By Jano Xhenseval
Text published in Esprits Libres, Spring 2000, “What Should Be Preserved?”, L’Harmattan.
Jano Xhenseval, a painter born in Liège, has been working in Paris for over forty years. She has created stained glass, tapestries, engravings, bookbindings, and drawings. Her pictorial work evokes a vast palimpsest where, as she says herself, “all the memories of the world” have found refuge. Here, she reflects on her daily artistic choices. “What do I keep? What do I discard?” The choice, though not burdensome, is significant as it introduces itself into the very life of the work.
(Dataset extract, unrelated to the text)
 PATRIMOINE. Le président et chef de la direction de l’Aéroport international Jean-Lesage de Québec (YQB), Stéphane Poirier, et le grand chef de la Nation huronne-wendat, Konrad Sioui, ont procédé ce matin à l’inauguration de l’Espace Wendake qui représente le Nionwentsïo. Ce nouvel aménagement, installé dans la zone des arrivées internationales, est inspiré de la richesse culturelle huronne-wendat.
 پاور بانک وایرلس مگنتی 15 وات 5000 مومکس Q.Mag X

Welcome to the studio for readers curious to continue this exploration in the joy of looking together.
On my work table resides a collection of small unfinished paintings, waiting for I know not what to lift them out of their isolation, for if they are there, it is because they have not yet entered the life of the work.
Their wandering keeps inviting me to work, to open myself, to paint.
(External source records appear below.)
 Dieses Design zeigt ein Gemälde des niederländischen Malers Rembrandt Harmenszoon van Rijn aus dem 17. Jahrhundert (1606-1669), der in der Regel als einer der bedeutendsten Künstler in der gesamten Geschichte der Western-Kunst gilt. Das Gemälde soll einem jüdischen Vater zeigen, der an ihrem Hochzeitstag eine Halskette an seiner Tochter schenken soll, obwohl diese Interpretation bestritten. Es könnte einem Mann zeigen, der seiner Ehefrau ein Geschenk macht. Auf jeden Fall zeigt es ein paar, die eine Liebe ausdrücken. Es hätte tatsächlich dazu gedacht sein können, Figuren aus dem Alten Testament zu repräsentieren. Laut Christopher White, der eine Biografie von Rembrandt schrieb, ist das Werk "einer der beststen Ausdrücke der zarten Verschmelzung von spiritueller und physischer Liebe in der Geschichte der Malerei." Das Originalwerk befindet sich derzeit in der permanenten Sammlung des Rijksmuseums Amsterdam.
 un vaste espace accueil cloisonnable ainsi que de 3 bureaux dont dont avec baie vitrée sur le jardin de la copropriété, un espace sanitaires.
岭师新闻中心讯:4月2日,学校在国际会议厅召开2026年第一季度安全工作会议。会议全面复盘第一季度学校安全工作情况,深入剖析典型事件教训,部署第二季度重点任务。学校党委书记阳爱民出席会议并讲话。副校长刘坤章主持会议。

If the gaze visits these inert harmonies with each passing, if it sweeps over this expanse of color, it is in the hope of detecting some music, some fragments of opening... or completion.
This little painted wood that awaited a certain ultramarine—I passed by it a hundred times without seeing or understanding it. The difficulty is not in finding the right tone but in eliminating, one by one, those that sully, burden, or confine.
Vacant light is infinite; it compels and refines at the same time. Precise, it will have the same force as that lacerated stroke, necessary, optically assured—it enjoins me to respond “openly.”
There is a moment of intervention to liberate the color—by which I mean the light—a primordial time, devoid of trajectory, that decides and concludes.
This imperative discernment can only be achieved with the aid of memory. Yet this memory must meet originality and command: patience.
That moment marks an election of a different order than expected, but it eliminates clumsy temptations.
It is better to know nothing of all this and to pass and repass before these colored things, in recognition of what escapes—where all the memories of the world have sought refuge.
The separation from mediocre things does not erase mediocrity but frees me from having to fear it! It is a way to dance with shadows.
My childhood painting teacher said, “Today we are going to learn to make shadows.” Never did I hear him say, “We are going to learn to paint the light.”
One does not learn light; one does not paint light. It is given, already reserved on the first day of the world, introduced before the work... liquid... initial... the cradle of the soul. There is nothing to say about it, to bruit about it: it speaks!